Math problem: New Game In Town

A brute force method with Excel gave me an EV of 2.01898101897439.
But I bet there's an elegant way to do the math.

Correct, but how about some details?

Before I begin, note that I use (n)C(k) to denote the number of combinations of n things taken k at a time; this is also C(n,k) or Combin(n,k).

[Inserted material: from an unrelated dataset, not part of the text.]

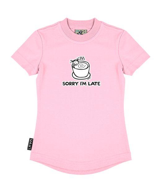 We make sustainable UAX clothing! - hand sewn in the Czech Republic uaxKids uaxAll productsT-shirtsGIRL'S T-SHIRTSdesign 1087 - SORRY IM LATEBABY PINK

This puzzle involves something called the Hockey Stick Principle:
(n)C(n) + (n+1)C(n) + (n+2)C(n) + ... + (n+k)C(n) = (n+k+1)C(n+1)
The name comes from the shape of the line of numbers when this is done on Pascal's Triangle.

Anyway, I will solve the generic case of subsets of K numbers out of {1, 2, 3, ..., N}
There are a total of (N)C(K) subsets
Let S be the smallest number in the subset
There are N-S numbers greater than S, and K-1 of them make up the rest of the numbers in the subset, so there are (N-S)C(K-1) subsets with the smallest number S.
There are (N-1)C(K-1) with smallest number 1, (N-2)C(K-1) with smallest number 2, and so on through (N-(N-(K-1)))C(K-1) with the smallest number N-(K-1), which is the one subset {N-K+1, N-K+2, ..., N}.
The sum of the smallest numbers = 1 x (N-1)C(K-1) + 2 x (N-2)C(K-1) + 3 x (N-3)C(K-1) + ... + N-(K-1) x 1
= ( (N-1)C(K-1) + (N-2)C(K-1) + (N-3)C(K-1) + ... + (K-1)C(K-1) ) + ( (N-2)C(K-1) + (N-3)C(K-1) + (N-4)C(K-1) + ... + (K-1)C(K-1) ) + ... + ( (K)C(K-1) + (K-1)C(K-1) ) + (K-1)C(K-1)
Apply the Hockey Stick Principle to each element in the sum
The sum = (N)C(K) + (N-1)C(K) + (N-2)C(K) + ... + (K+1)C(K) + (K)C(K)
Apply it again to the sum to get (N + 1)C(K + 1)
The expected return = (N + 1)C(K + 1) / (N)C(K)
= ( (N + 1)! / ( (K + 1)! (N - K)! ) ) / ( N! / K! (N - K)! )
= (N + 1)! / ( (K + 1)! (N - K)! ) ) x K! (N - K)! / N!
= (N + 1) N! K! (N - K)! / ( (K + 1) K! (N - K)! ) N!)
= (N + 1) / (K + 1)